"Super Greenhouse Gas" Deal Fails

Date: 13-Nov-09
Country: EGYPT
Author: David Sassoon
 

At little noticed talks last week in Port Ghalib, Egypt, climate advocates were hoping to seal a global agreement for the phase down of super greenhouse gases and give next month's Copenhagen climate talks a can-do running start. But the annual meeting of the 198 nations of the Montreal Protocol began on a note of contention that five days of discussions could not overcome.

The 22-year-old Montreal Protocol has delivered an unbroken string of successes in the battle against ozone depletion, accomplished with comity and cooperation, but now observers say it has caught the climate virus. Rhetoric trumped getting down to business, as an agreement to rid the world of HFCs, enormously potent global warming gases, was postponed for at least another year.

"We're approaching tipping points fast, and we missed an opportunity to take action this year," said Durwood Zaelke, president of the Institute for Governance and Sustainable Development, who attended the talks in Egypt.

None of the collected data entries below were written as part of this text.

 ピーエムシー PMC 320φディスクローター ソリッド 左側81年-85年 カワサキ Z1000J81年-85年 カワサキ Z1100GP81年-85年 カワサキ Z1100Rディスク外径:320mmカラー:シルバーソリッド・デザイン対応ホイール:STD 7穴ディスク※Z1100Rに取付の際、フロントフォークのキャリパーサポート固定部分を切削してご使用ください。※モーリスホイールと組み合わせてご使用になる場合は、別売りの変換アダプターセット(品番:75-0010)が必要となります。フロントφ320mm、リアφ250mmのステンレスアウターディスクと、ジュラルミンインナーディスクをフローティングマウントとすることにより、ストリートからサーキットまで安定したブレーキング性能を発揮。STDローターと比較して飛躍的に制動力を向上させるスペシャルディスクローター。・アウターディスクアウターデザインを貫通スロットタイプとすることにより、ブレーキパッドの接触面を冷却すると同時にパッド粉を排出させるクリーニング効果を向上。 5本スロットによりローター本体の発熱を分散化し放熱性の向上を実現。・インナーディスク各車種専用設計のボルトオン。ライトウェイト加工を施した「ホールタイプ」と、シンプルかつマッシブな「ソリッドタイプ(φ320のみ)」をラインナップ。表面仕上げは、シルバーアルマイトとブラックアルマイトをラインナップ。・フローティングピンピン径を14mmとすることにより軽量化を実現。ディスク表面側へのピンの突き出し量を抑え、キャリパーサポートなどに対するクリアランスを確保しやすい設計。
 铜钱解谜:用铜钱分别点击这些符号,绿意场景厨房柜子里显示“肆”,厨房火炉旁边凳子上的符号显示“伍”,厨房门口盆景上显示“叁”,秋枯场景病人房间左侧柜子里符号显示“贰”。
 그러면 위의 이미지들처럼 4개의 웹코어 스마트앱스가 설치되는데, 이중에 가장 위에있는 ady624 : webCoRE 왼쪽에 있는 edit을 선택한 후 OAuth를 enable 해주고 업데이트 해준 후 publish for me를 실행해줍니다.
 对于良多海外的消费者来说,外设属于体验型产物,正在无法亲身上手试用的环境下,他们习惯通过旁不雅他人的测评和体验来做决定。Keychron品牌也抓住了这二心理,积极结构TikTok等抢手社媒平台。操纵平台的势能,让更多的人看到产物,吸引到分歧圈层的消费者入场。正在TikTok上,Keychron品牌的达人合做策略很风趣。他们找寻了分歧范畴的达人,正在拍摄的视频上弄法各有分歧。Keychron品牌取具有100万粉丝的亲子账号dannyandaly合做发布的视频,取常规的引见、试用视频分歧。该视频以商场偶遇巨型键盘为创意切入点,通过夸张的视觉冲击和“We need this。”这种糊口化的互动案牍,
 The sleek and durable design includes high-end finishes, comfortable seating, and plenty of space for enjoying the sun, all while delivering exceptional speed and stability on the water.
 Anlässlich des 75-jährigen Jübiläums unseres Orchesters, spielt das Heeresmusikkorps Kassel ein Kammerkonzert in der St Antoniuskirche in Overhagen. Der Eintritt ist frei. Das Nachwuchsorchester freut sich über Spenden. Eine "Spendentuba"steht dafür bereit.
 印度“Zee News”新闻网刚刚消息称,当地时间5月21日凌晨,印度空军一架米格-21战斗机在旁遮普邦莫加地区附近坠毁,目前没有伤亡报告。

The central issue on the table was what to do about "super greenhouse gases," a popular term for hydrofluorocarbons, or HFCs. In previous years, the Montreal Protocol had anointed HFCs as replacement gases for ozone destroying chemicals commonly used as refrigerants. Though HFCs do not harm the ozone, it turns out they are lethal global warming agents, thousands of times more potent than CO2 at warming the planet.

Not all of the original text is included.